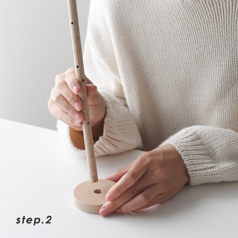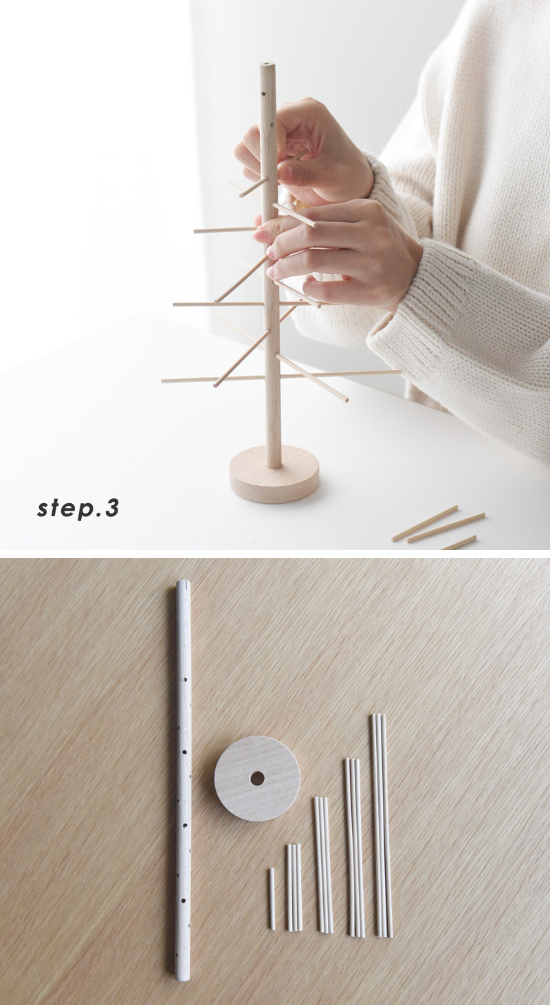 枝パーツを、幹パーツの穴に通します。13本の枝パーツは長さが5種類あり、上に行くほど短くなるようにします。
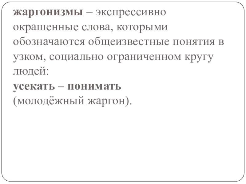 Слайд 15жаргонизмы – экспрессивно окрашенные слова, которыми обозначаются общеизвестные понятия в узком,
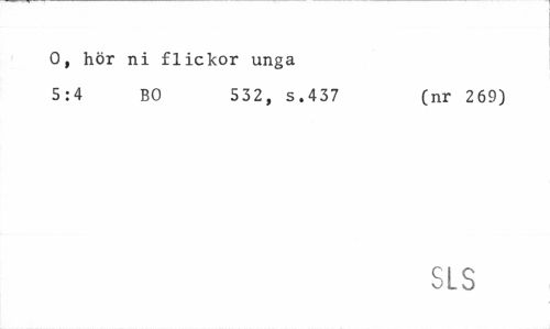 //// O, hör ni flickor unga //// 5:4 BO 532, s.437 (nr 269) //// SLS ////
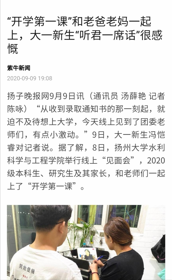 “从收到录取通知书的那一刻起,就迫不及待想上大学,今天线上见到了团委老师们,有点小激动。”9日,大一新生冯恺睿对记者说。据了解,8日,扬州大学水利科学与工程学院举行线上“见面会”,2020级本科生、研究生及其家长,和老师们一起上了“开学第一课”。
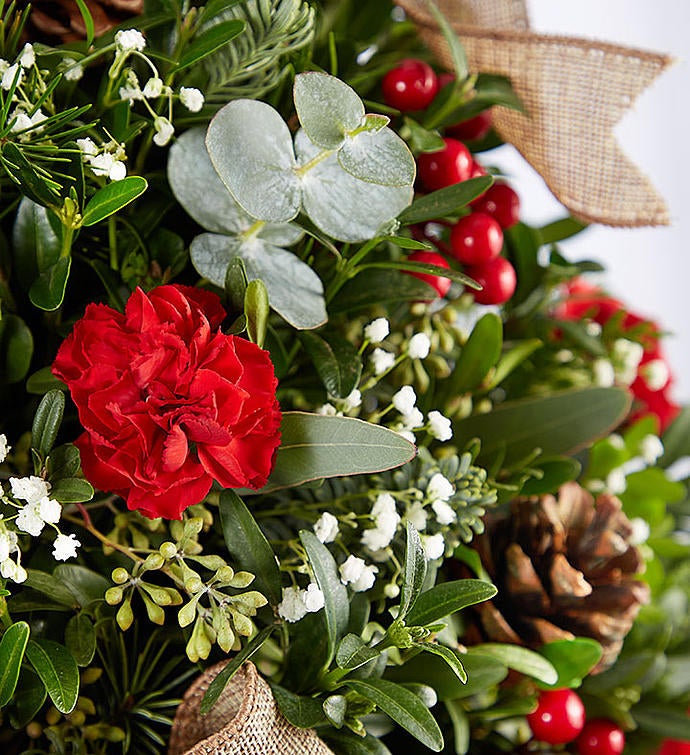 EXCLUSIVE An even cozier version of our perennial favorite, this year’s holiday flower tree delivers big on warm, country charm. Set in a natural wood-grain cube planter, our compact tree is handcrafted of fragrant evergreens with red blooms and trimmed with faux berries, pinecones and a bow of rustic burlap ribbon for a charming twist on traditional.
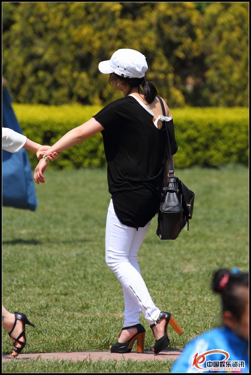 公園草坪抓拍的修身長(cháng)褲美女
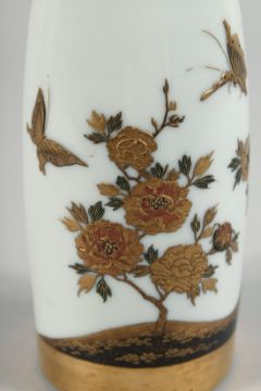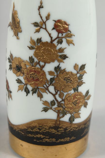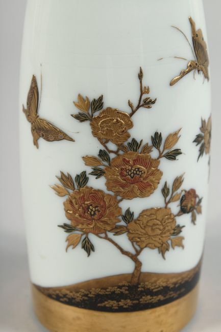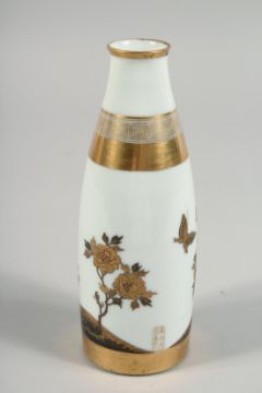 A SMALL JAPANESE PORCELAIN VASE, with gilt work decoration depicting flowers and butterflies, signed to the side, 18cm high.
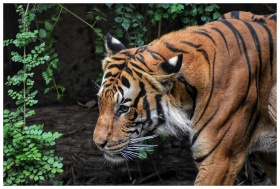 Close-up of a tiger in the wild, showcasing its majestic stripes and piercing eyes.
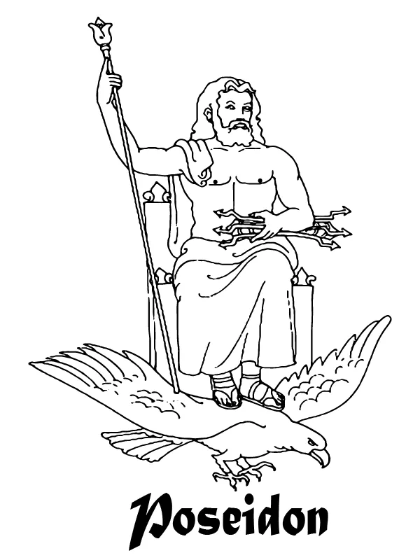 Beschreibung der Färbung : Druckbar herunterladen Griechischer Gott, der auf einem Vogel reitet Malvorlage

----------

■ THE PROBLEM: For your answer, write out the data exactly and drop every picture.

■ RESPONSE TO THIS TASK:
 枝パーツを、幹パーツの穴に通します。13本の枝パーツは長さが5種類あり、上に行くほど短くなるようにします。
 Слайд 15жаргонизмы – экспрессивно окрашенные слова, которыми обозначаются общеизвестные понятия в узком,
 //// O, hör ni flickor unga //// 5:4 BO 532, s.437 (nr 269) //// SLS ////
 “从收到录取通知书的那一刻起,就迫不及待想上大学,今天线上见到了团委老师们,有点小激动。”9日,大一新生冯恺睿对记者说。据了解,8日,扬州大学水利科学与工程学院举行线上“见面会”,2020级本科生、研究生及其家长,和老师们一起上了“开学第一课”。
 EXCLUSIVE An even cozier version of our perennial favorite, this year’s holiday flower tree delivers big on warm, country charm. Set in a natural wood-grain cube planter, our compact tree is handcrafted of fragrant evergreens with red blooms and trimmed with faux berries, pinecones and a bow of rustic burlap ribbon for a charming twist on traditional.
 公園草坪抓拍的修身長(cháng)褲美女
 A SMALL JAPANESE PORCELAIN VASE, with gilt work decoration depicting flowers and butterflies, signed to the side, 18cm high.
 Close-up of a tiger in the wild, showcasing its majestic stripes and piercing eyes.
 Beschreibung der Färbung : Druckbar herunterladen Griechischer Gott, der auf einem Vogel reitet Malvorlage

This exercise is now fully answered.